O solo da Terra pode sequestrar grandes quantidades de carbono – eu sei disso há anos. Mas foi só quando estive na fronteira entre duas fazendas no sul da Geórgia, recentemente, que percebi o enorme potencial desse fato.

Will Harris, um pecuarista de quarta geração, abaixou-se e pegou um punhado de solo marrom-avermelhado claro dos campos de amendoim de seu vizinho: “Morto”, ele pronunciou, “um meio mineral sem vida”. Então ele deu alguns passos e desenterrou outro punhado – preto como tinta e untuoso – de sua própria terra. “Um meio orgânico próspero, repleto de vida”, disse ele. “É 5% de matéria orgânica em comparação com 0,5%, lado a lado.”

Em uma mão, Harris mantinha o legado de nosso passado de agricultura industrial e, na outra, a evidência de como fazer a agricultura da maneira certa em um mundo estressado pelo clima. Para cada 1% de aumento na matéria orgânica, um acre de solo retém cerca de 10 toneladas a mais de carbono. O pigmento escuro do solo é, na verdade, carbono – e de modo geral, quanto mais escuro for o solo, mais carbono ele contém.

Ao todo, as terras agrícolas do mundo podem ser capazes de sequestrar tanto CO2 quanto a quantidade total emitida pelo setor de transporte, ou quase tanto quanto a indústria global de eletricidade.
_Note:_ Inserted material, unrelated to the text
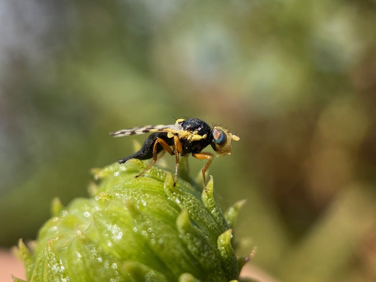 Commonly called Fruit Flies, Tephritids are small to medium-sized flies that are often colorful, and usually with picture wings. The larvae of almost all Tephritidae are phytophagous. Females deposit eggs in living, healthy plant tissues using their telescopic ovipositors. Here the larvae find their food upon emerging. The larvae develop in leaves, stems, flowers, seeds, fruits, and roots of the host plant, depending on the species. Adults are often found on the host plant and feeding on pollen, nectar, rotting plant debris, or honeydew. Tephritid flies are of major economic importance as they can cause damage to fruit and other plant crops. On the other hand, some Tephritids are used as agents of biological control of noxious weeds.
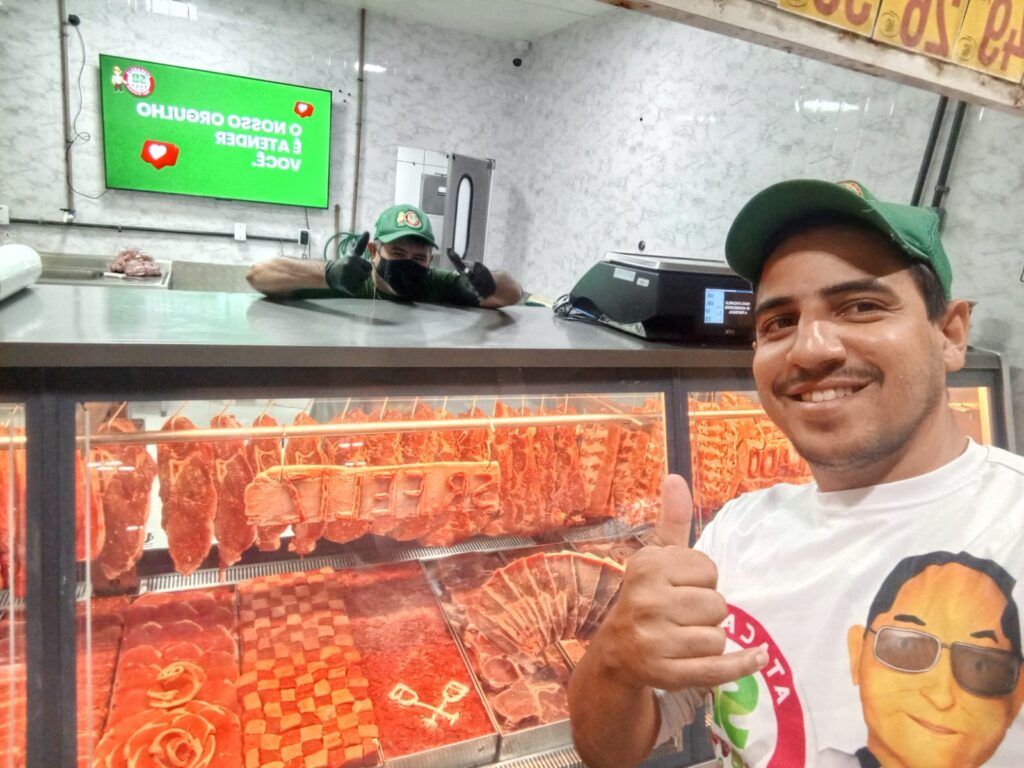 Thaome Silva da Costa, 31, é o profissional especialista em preparar as decorações das carnes para a vitrine de frigorífico. Com 21 anos na estrada e muitas decorações ao longo da carreira, decorar os balcões dos frigoríficos para ele é como a confeiteira decorar um bolo de festa. Na trajetória dele acrescente-se as passagens por grandes empresas de marcas renovadas no Brasil como Masterboi, Supermercado Ex, e cursos técnicos de capacitação na JBS e Masterboi.

Para atingir esse nível nos EUA, seriam necessárias reformas significativas das práticas agrícolas industriais na produção de safras e carne – mudanças que seriam caras para os agricultores no início, mesmo que tragam riquezas de longo prazo, como terras e animais mais saudáveis. Para estimular a transição, o governo Biden, o Congresso e o setor agrícola devem apoiar reformas com créditos fiscais e outros incentivos financeiros.

Quanto mais preto o solo, mais carbono ele retém. Fotógrafa: Amanda Little / Bloomberg

Harris e sua fazenda na Geórgia, White Oak Pastures, ilustram o caminho a seguir, junto com todos os desafios de redefinir a agricultura moderna. Aos 66 anos, ele cuida da terra que seu bisavô comprou em 1866, e que foi trabalhada industrialmente por décadas antes de Harris se converter a práticas mais ecologicamente corretas, conhecidas hoje como agricultura regenerativa. A história de sua conversão revela o doloroso ajuste de contas que acompanha o enfrentamento das técnicas destrutivas agora enraizadas na agricultura moderna e a necessidade de considerar os ganhos em uma prosperidade mais ampla que superam os termos simples de lucros e perdas imediatos.
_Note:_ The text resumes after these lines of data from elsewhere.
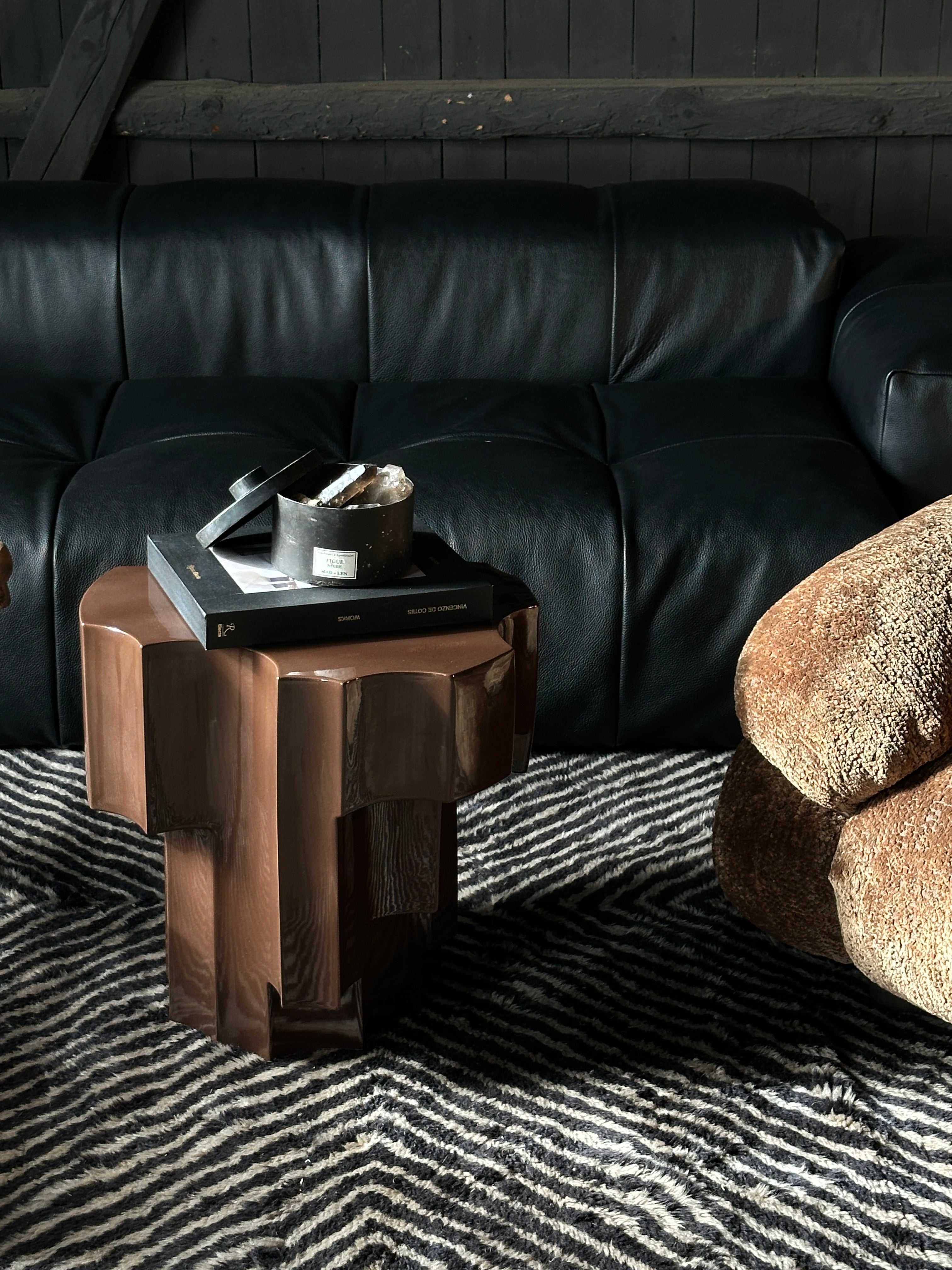 Skulptur og funksjonalitet kommer sammen for å gjenoppdage den rike meksikanske håndverksarven gjennom innovative virkemidler og språk. Ordentlig håndverk etterlater merker og baner i de flate og uberørte overflatene, mens sansene tiltrekkes av gjenvinningen av naturlige materialer og de enestående sansekontrastene som stammer fra dem. Inspirert av pre-spanske altere, markerer disse lave bordene, som kan finnes i et bredt spekter av utførelser: keramikk, betong og sedertre, det første samarbeidet mellom Tacchini og EWE Studio, et prosjekt der tradisjon gjenspeiles i design for å skape ideer som har substans og mening.
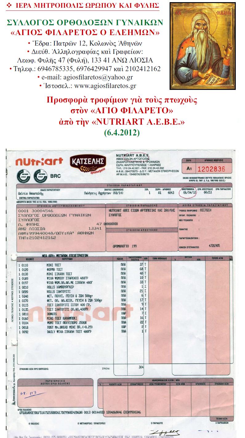 Αποδείξεις δωρεών από NUTRIART 6.4.2012
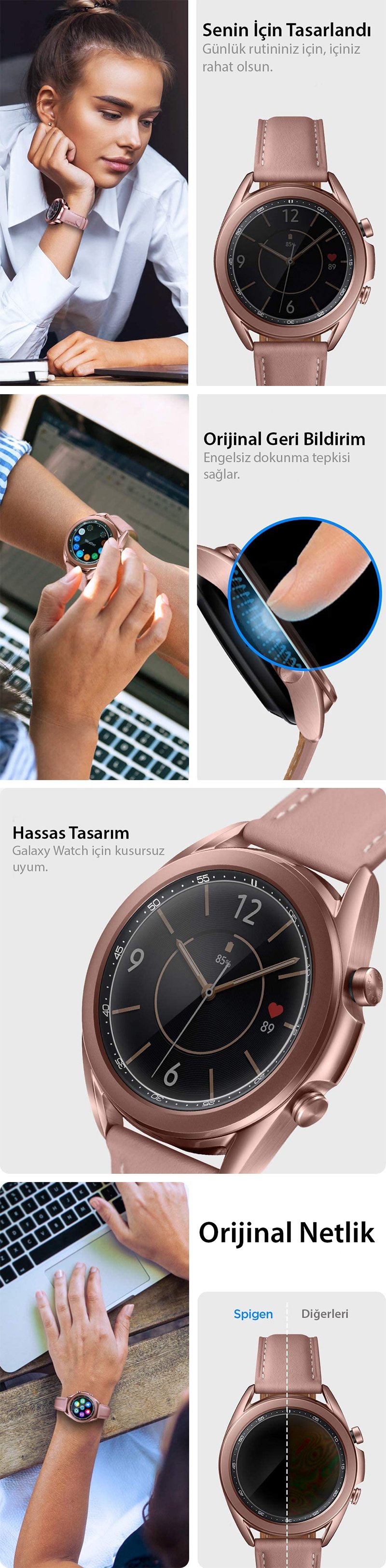Galaxy Watch 3 (41mm) Cam Ekran Koruyucu Kolay Kurulum, Spigen GLAS.tR EZ Fit Slim HD (2 Adet) Malzeme: 9H Temperli Cam ● Zahmetsiz uygulama için yenilikçi, otomatik hizalamalı bir kurulum tepsisi içerir ● 9H sertlik derecesine sahip temperli cam dayanıklılığı ● Kılıf, her Spigen kılıfıyla uyumlu hale getirildi ● Günlük parmak izi direnci için oleofobik kaplama ● Galaxy Watch 3 (41 mm) ile uyumlu
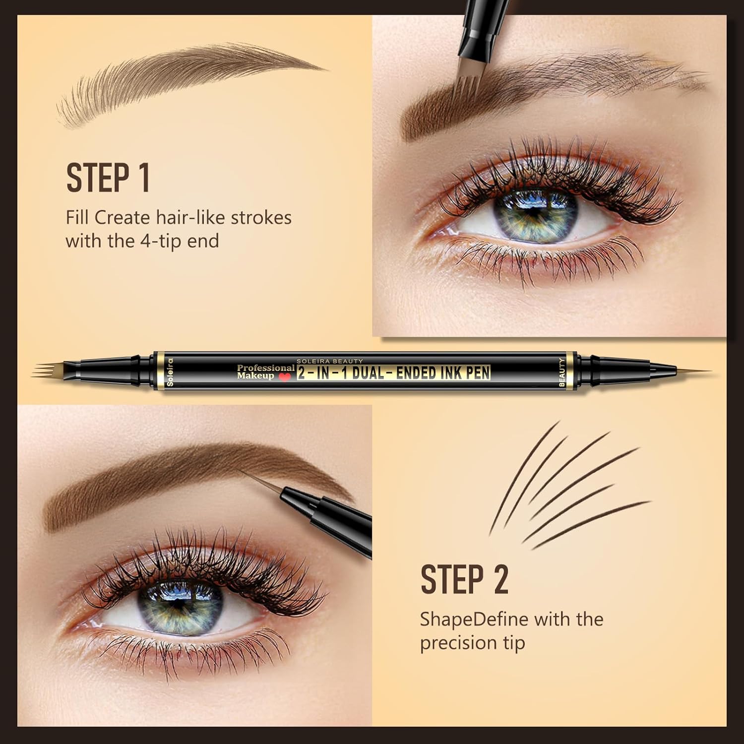 - Dual-Ended Design: This eyebrow kit includes a 4-tip microblading eyebrow pen for natural, hair-like strokes and a single precision tip for shaping. It also comes with a dual-ended brow brush—one end for blending, the other for perfecting finer details. Achieve flawless brows effortlessly
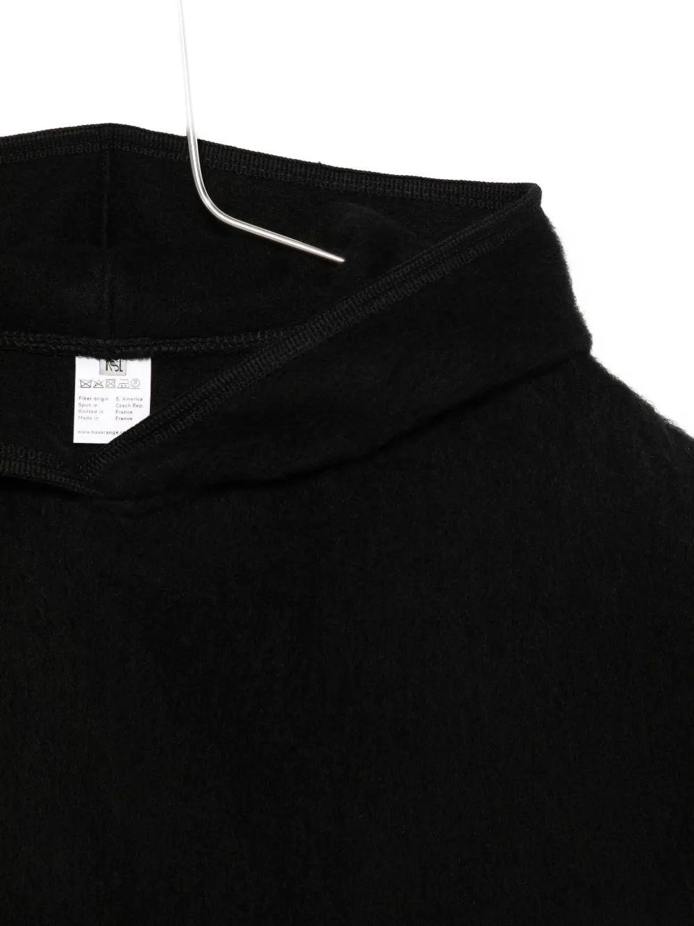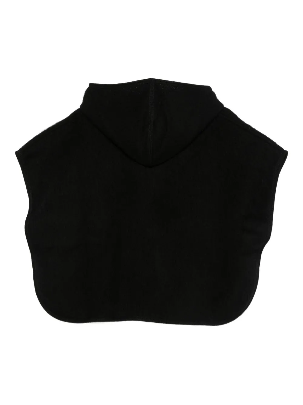 черный ворсистый шерстяной жилет с капюшоном и окантованными краями

As pastagens de gado de Harris estão repletas de gramíneas perenes nativas e plantas de cobertura – centeio, rabanete, trevo carmesim e trevo branco – que se destacam em puxar dióxido de carbono da atmosfera, através de suas raízes e para o solo onde o carbono alimenta a vida microbiana. À medida que o gado pasta e mastiga o topo da vegetação, ele areja o solo com seus cascos e o fertiliza com seu estrume, fazendo com que mais plantas e gramíneas cresçam e bombeando mais carbono para o solo.

White Oak Pastures

Abrangendo 3.000 acres (1200 hectares), White Oak Pastures é uma mistura fascinante da sabedoria do passado e da tecnologia do futuro. As 2.000 ovelhas de Harris pastam em um campo de painéis solares de 1.425 acres (576 hectares). Ele usa drones, câmeras, software e 150 milhas de cercas modulares de última geração para fazer girar cerca de 3.000 vacas diariamente em cercados de 30 acres (12 hectares). Harris também pratica uma técnica de conservação chamada silvopastura, integrando animais, forragem e áreas florestais; ele planta milhares de carvalhos vivos, nozes e árvores frutíferas em suas pastagens para fornecer sombra para seus animais e reter mais carbono.
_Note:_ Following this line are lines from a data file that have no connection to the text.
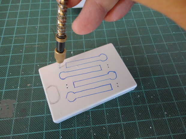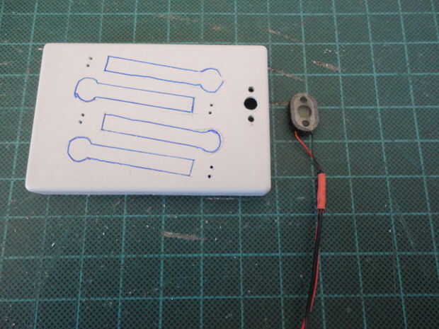 Y taladrar los agujeros para el altavoz que raspa fuera roto MP3 player. E instalado el altavoz en su sitio.
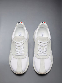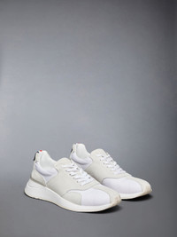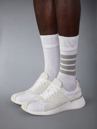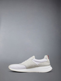 DETAILS & FIT Leisurewear made artful. These comfortable sneakers pair perfectly with any of our fine suits or casual wear. The limited-edition earthy white hue is a celebration of the season. Lace up closure Leather lining Rubber sole Signature striped grosgrain loop tabs Combo1: 100% Calf Suede Split Leather Upper: 73% Polyester, 27% Polyamide Lining: 100% Calf Leather Sole: 100% Rubber Made in Italy MFE002B-F0488-100
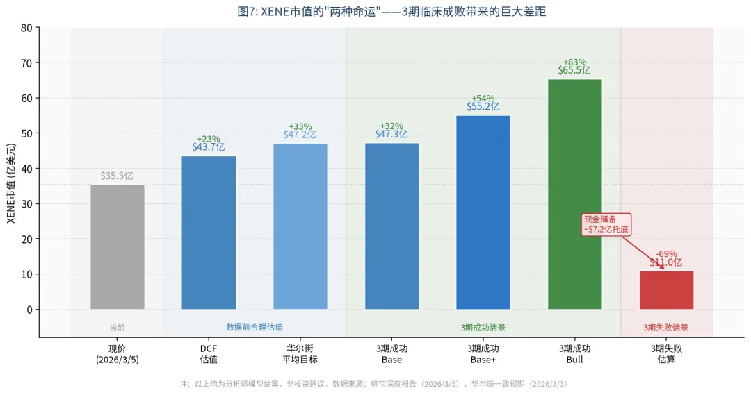 图7: XENE市值的两种命运——3期成败带来的巨大差距 [1][4](不构成投资建议)
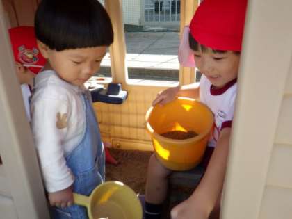今日はハッピーランド(未就園児活動)がありました。就園前のお友達がたくさん遊びにきてくれました。幼稚園の子どもたちは年下の友達に優しく関わったり、一緒に遊んだりする様子がたくさん見られ、とても微笑ましい時間になりました。地域の身近な人と触れ合う経験を通して相手の気持ちに気付いたり、優しさや思いやりの気持ちが育まれています。
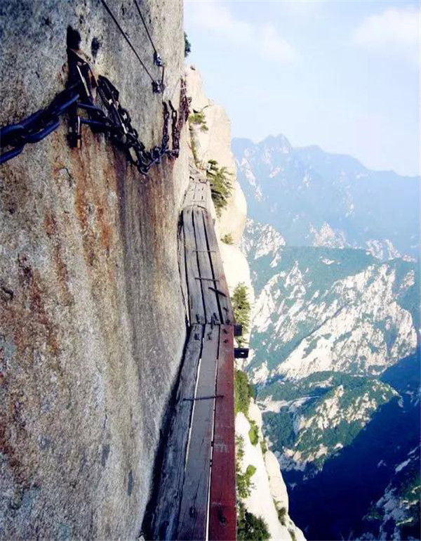 西岳華山歷來(lái)被認(rèn)為是五岳之中最為險(xiǎn)峻的,而在華山中,險(xiǎn)中之險(xiǎn)莫過(guò)于“長(zhǎng)空棧道”和“鷂子翻身”。特別是具有700多年歷史的長(zhǎng)空棧道,在華山南峰東側(cè)山腰的萬(wàn)仞絕壁上鑿出來(lái)的幾個(gè)踏腳之處,鑲嵌石釘搭木椽搭建了一個(gè)百余米懸空的棧道,讓人望而卻步,如果你有恐高癥,僅僅看一眼都會(huì)讓你驚恐萬(wàn)分。2013年,著名旅游網(wǎng)站“Smarter Travel”盤(pán)點(diǎn)全球最恐怖懸崖步道,將華山長(zhǎng)空棧道列為全球十大最恐怖的懸崖步道之一。

De acordo com uma pesquisa de solo conduzida pela empresa de consultoria em sustentabilidade Quantis em 2019, a White Oak Pastures sequestra aproximadamente o equivalente a 3,5 quilos de dióxido de carbono para cada quilo de carne bovina a pasto que produz. Falei com outros cientistas que acham que esse número seria menor depois de contabilizar todas as ovelhas, porcos e galinhas que Harris cria e a ração que esses animais consomem. Mas muitos, incluindo uma equipe de cientistas da Michigan State University que fez extensas pesquisas sobre Pastagens de White Oak, concordam que a operação de gado de Harris é negativa em carbono e representa um exemplo consumado de produção de gado regenerativo.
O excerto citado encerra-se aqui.